Ao lado do esposo ela assinou um documento que fala sobre as violações da liberdade religiosa cometida pelo governo cubano

por Leiliane Roberta Lopes

  • gospelprime

 

Esposa de pastor é presa em Cuba por lutar pela liberdade religiosa
Esposa de pastor é presa em Cuba por lutar pela liberdade religiosa

A esposa de um pastor batista foi presa em Cuba no dia 16 de outubro na cidade de Remédios, província de Villa Clara. O marido de Yoaxis Marcheco Suarez, Mario Felix Lleonart Barroso, é luta pela liberdade religiosa no país.

Ao ser presa a mulher foi pressionada pelas autoridades a assinar uma advertência oficial ou “ata de advertência”, um documento que de acordo com o ministério Portas Abertas pode ser usado para justificar a prisão usando acusações criminais.

Yoaxis não aceitou assinar o documento e foi intimada a parar de ter contato com elementos “contrarrevolucionários”. Seu esposo, interrogado pelos serviços de segurança cubano no dia 8 de outubro, também não aceitou assinar a ata.

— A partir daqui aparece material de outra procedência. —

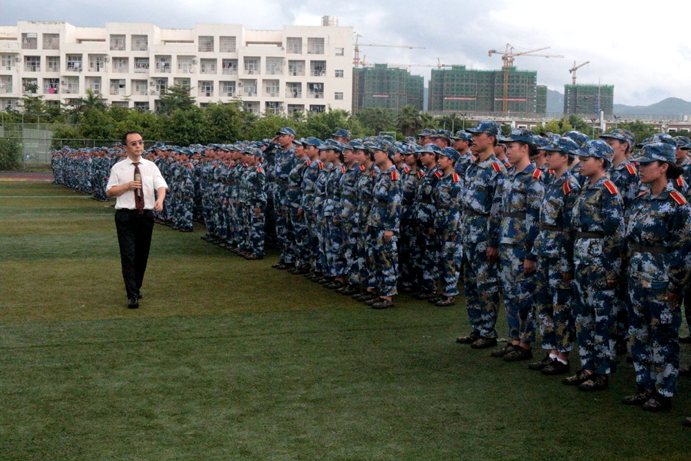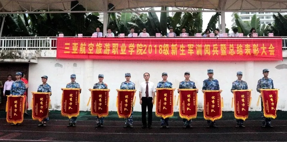 2018年9月14日下午,AWC万象城娱乐2018级新生军训阅兵暨总结表彰大会在体育场举行。部队首长、学校领导班子成员、各部门第一负责人、学工系统全体人员及2018级全体新生参加了本次大会。大会由梁维意副校长主持。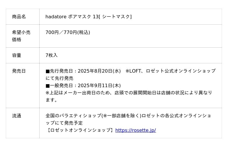 ロゼット株式会社(本社:東京都品川区、代表取締役社長:藤井 敬二)が展開する『Rz+ by ROSETTE』(アールゼットプラスバイ ロゼット)のシートマスクブランド『hadatore(ハダトレ)』から、毛穴悩みに集中アプローチする毛穴ケア用シートマスク「hadatore ポアマスク 13」を発売いたします。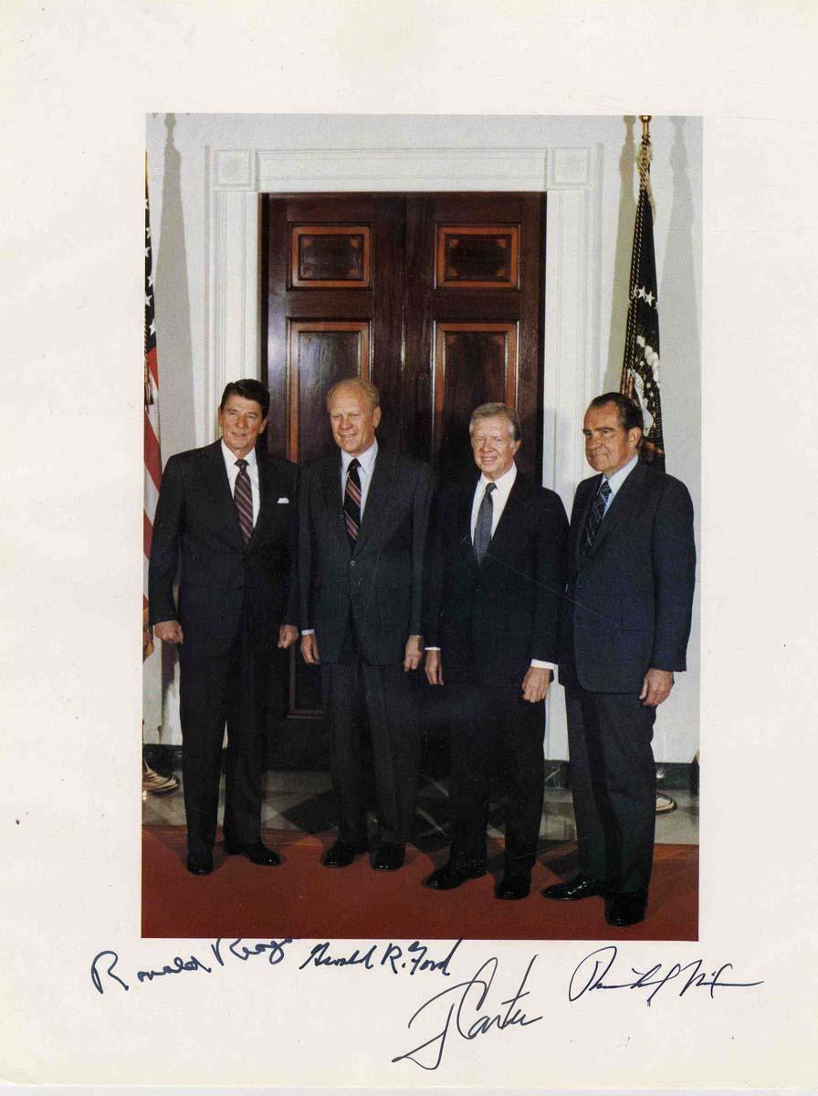 Stunning photograph signed by four Presidents, from left to right, Ronald Reagan, Gerald Ford, Jimmy Carter and Richard Nixon. All have signed in blue ink below their respective images. Color photo measures 8'' x 10'' and is in near fine condition. A rarity.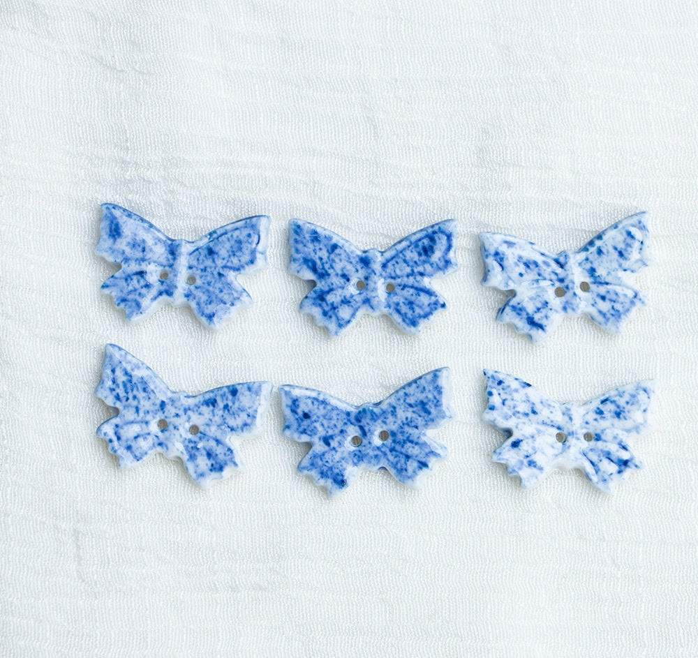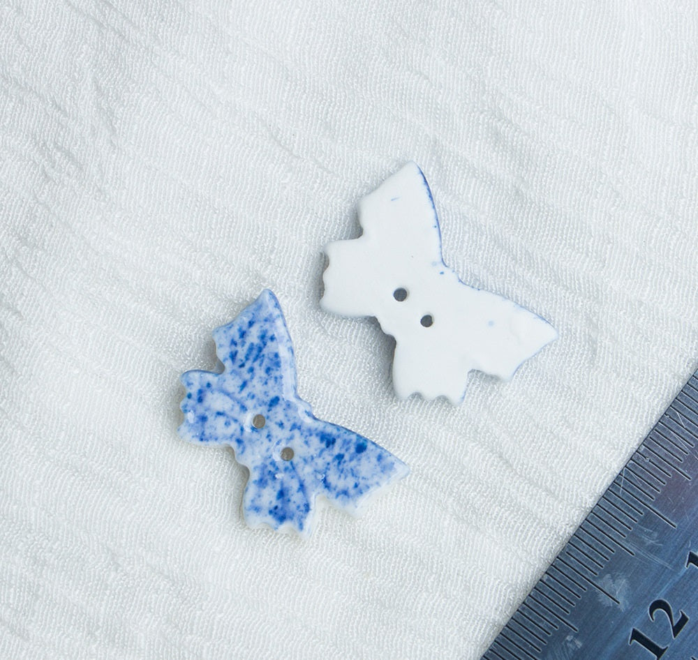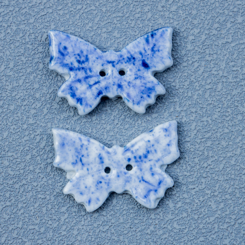 26mm modrobílé motýlí keramické knoflíky s 2 dírkami, ručně vyráběné, 6 kusů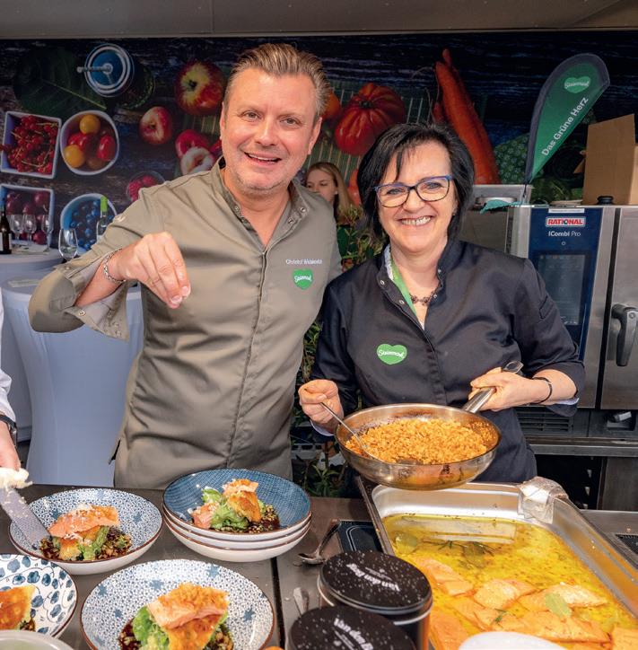 Haubenkoch Christof Widakovich und Sylvia Loidolt, Vorsitzende-Stv. Erlebnisregion Graz, im Genuss-Einsatz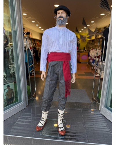 Este traje vasco de hombre está inspirado en el estilo tradicional arrantzale, una de las vestimentas más representativas del País Vasco. Se trata de un conjunto completo pensado para quienes buscan un traje vasco auténtico, cómodo y visualmente fiel a la tradición.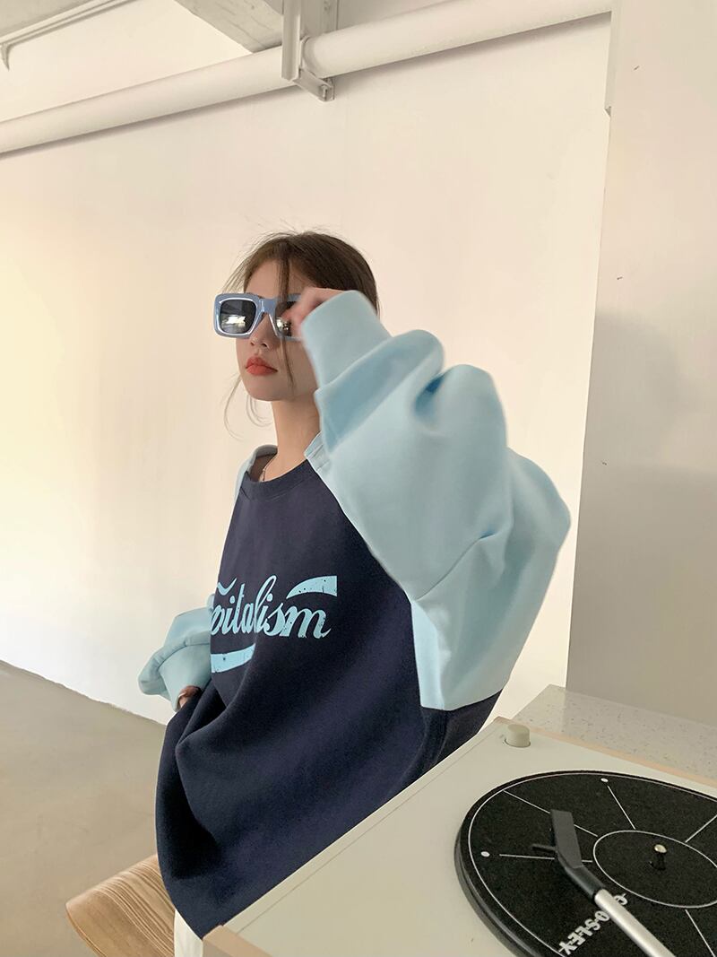 色:青いセーター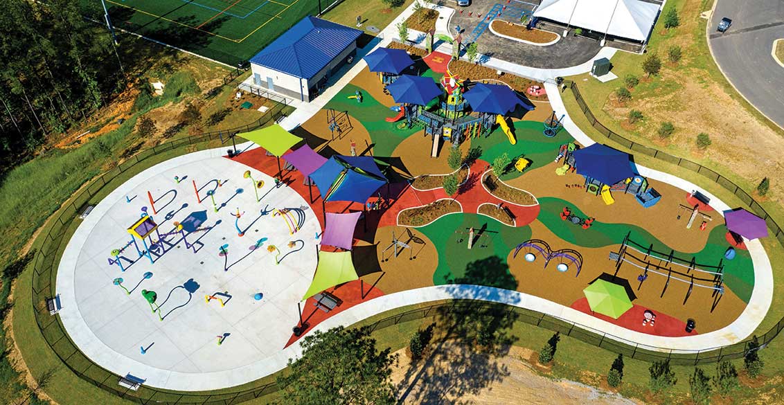 The city of Hoover chose GameTime, a PlayCore company specializing in inclusive play, to design and construct the new playground. Utilizing the research found in Me2®: 7 Principles of Inclusive Playground Design® developed by PlayCore and Utah State Center for Persons with Disabilities, GameTime and J.A. Dawson created a space that provides equal access, exciting play activities and opportunities for social interaction between children and families of all abilities. The purpose of unique inclusive play programs is to provide educational resources for communities that wish to move playgrounds beyond minimum accessibility to create more usable outdoor play environments that recognize everyone’s right to fully participate in equitable play. Inclusive play environments intentionally address the physical and social inclusion of people of all ages and abilities. The Seven Principles of Play include: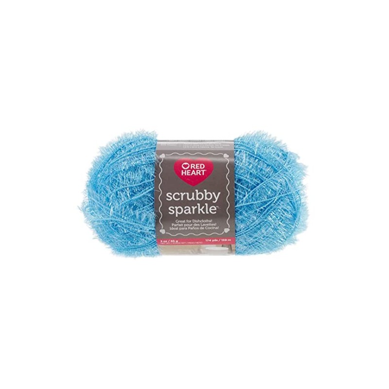 - Red Heart-Scrubby Sparkle Yarn. A uniquely textured yarn with a sparkle effect great for making pan scrubbies but also great for making crafty items. Weight category: 4. Content: 100% polyester. Put-up: 3oz/85g, 174yds/159m. Gauge: 18sX24r = 4in/10cm on size US8/5mm knitting needles. Crochet: 14scX13r = 4in/10cm with size I-9/5. 5mm crochet hook. Dyelotted: we try but are not always able to match dye lots. Care: machine was cold gently cycle, tumble dry, do not bleach or iron, dry clean with P solvents only. Comes in a variety of colors. Each sold separately. Imported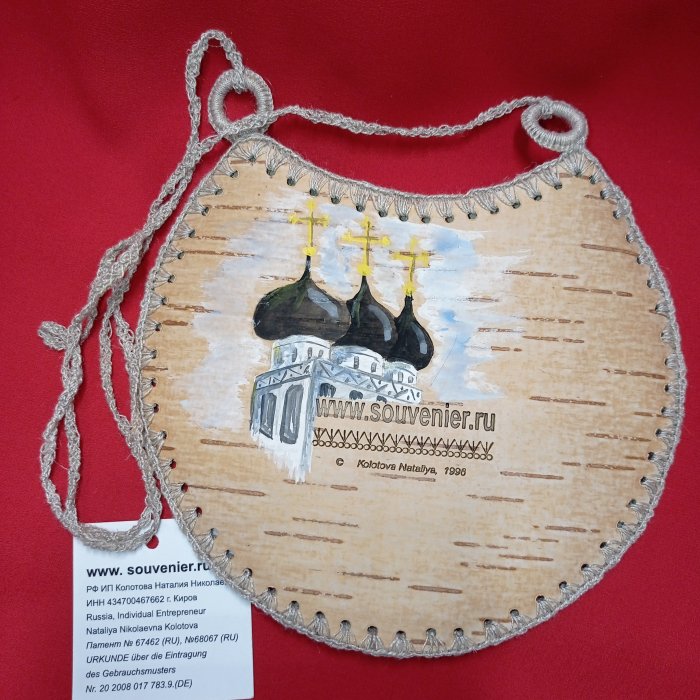 Изделия из бересты для украшения интерьера: сумка с росписью "Диск". Вес: 200 г, диаметр = 160 мм. Материал/ Инструмент: береста, льняные нити, темпера / крючок, роспись. Ручная работа с использованием техники вязания крючком. Цвет: светло-жёлтый.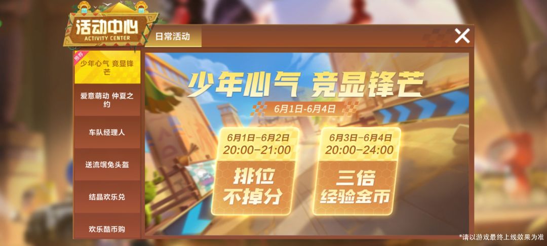 热血年少,青春不老!6月1日-6月2日20:00-21:00,排位不掉分buff开启,尽情冲刺放肆漂移~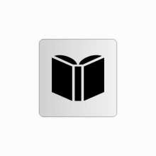 Available on order The sign is made of aluminum sheet in its natural color silver, and is 1mm thick. It has at its perimeter a double-sided tape, on the back side, for easy placement on a wall, door or other surface. At its four edges the corners are rounded. The graphics are in black (other basic colors are also available on demand).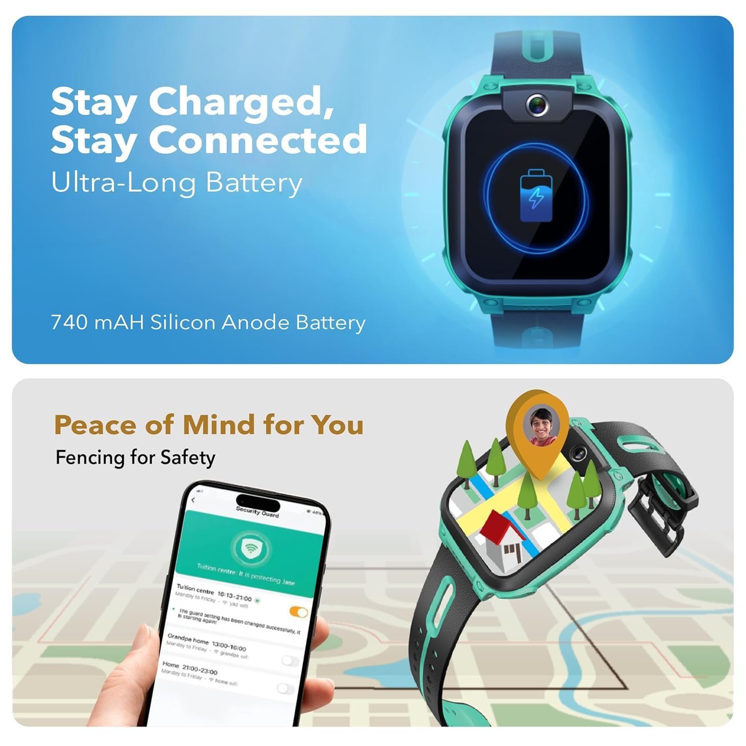 It comes with useful features like video calling, GPS tracking, and good sound quality. The battery life is also quite good, making it a great value for money. You can easily track your child’s activities, and the best part is that it’s waterproof. Definitely a good buy for kids!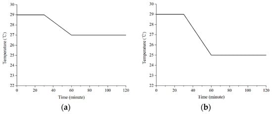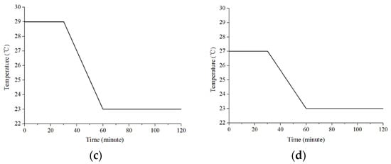 The purpose of this study was to investigate the occupants’ physiological thermal response and behavior of turning off air conditioning in residential buildings in summer. For this, the scenarios should be chosen to represent the typical air conditioning environment in Chinese residential buildings. Air conditioning in these buildings were frequently switched on when the ambient temperature was approximately 29 °C [,,]. Furthermore, the results from survey questionnaires indicated that the air conditioning temperature was usually set at 27 °C, 25 °C, or 23 °C []. Therefore, three experimental scenarios (A: 29→27 °C, B: 29→25 °C, and C: 29→23 °C) were chosen in this study as shown in Figure 1a–c. In addition, the experimental scenario (D: 27→23 °C) represented in Figure 1d was also chosen to explore the influence of initial ambient temperature on the occupants’ behavior of turning off air conditioning when the set point temperature for air conditioning was the same. As shown in Figure 1, for scenario A (29→27 °C), B (29→25 °C), and C (29→23 °C), the ambient temperature was first set at 29 °C for 30 min; then ambient temperature decreased to 27 °C, 25 °C, and 23 °C, respectively, during the next 30 min; after that, the ambient temperature was stabilized in the last 60 min. Similarly, in scenario D (27→23 °C), the ambient temperature was set at 27 °C initially for 30 min, and was finally stabilized at 23 °C in the last 60 min.

O pastor Mario Felix Lleonart Barroso, a missionária Yoaxis Marcheco Suarez e o apóstolo Omar Gude Perez são autores de um documento publicado no ano passado falando sobre a liberdade religiosa em Cuba.

A declaração dos cristãos afirma que o governo cubano não respeita a liberdade de religião. O documento foi apresentado em Washington DC, nos Estados Unidos, com o título de “Trinta questões para o governo cubano”, falando sobre a recusa do governo de reconhecer oficialmente muitos grupos religiosos.

Os três cristãos fazem parte de uma organização religiosa legalmente reconhecida por Cuba, mas luta pelos outros religiosos, cristãos ou não, que são considerados ilegais pelo governo.

A ida dos religiosos para os Estados Unidos teve parceria com a organização Christian Solidarity Worldwide (CSW) que há alguns meses divulgou um relatório mostrando o aumento das violações de liberdade religiosa no país.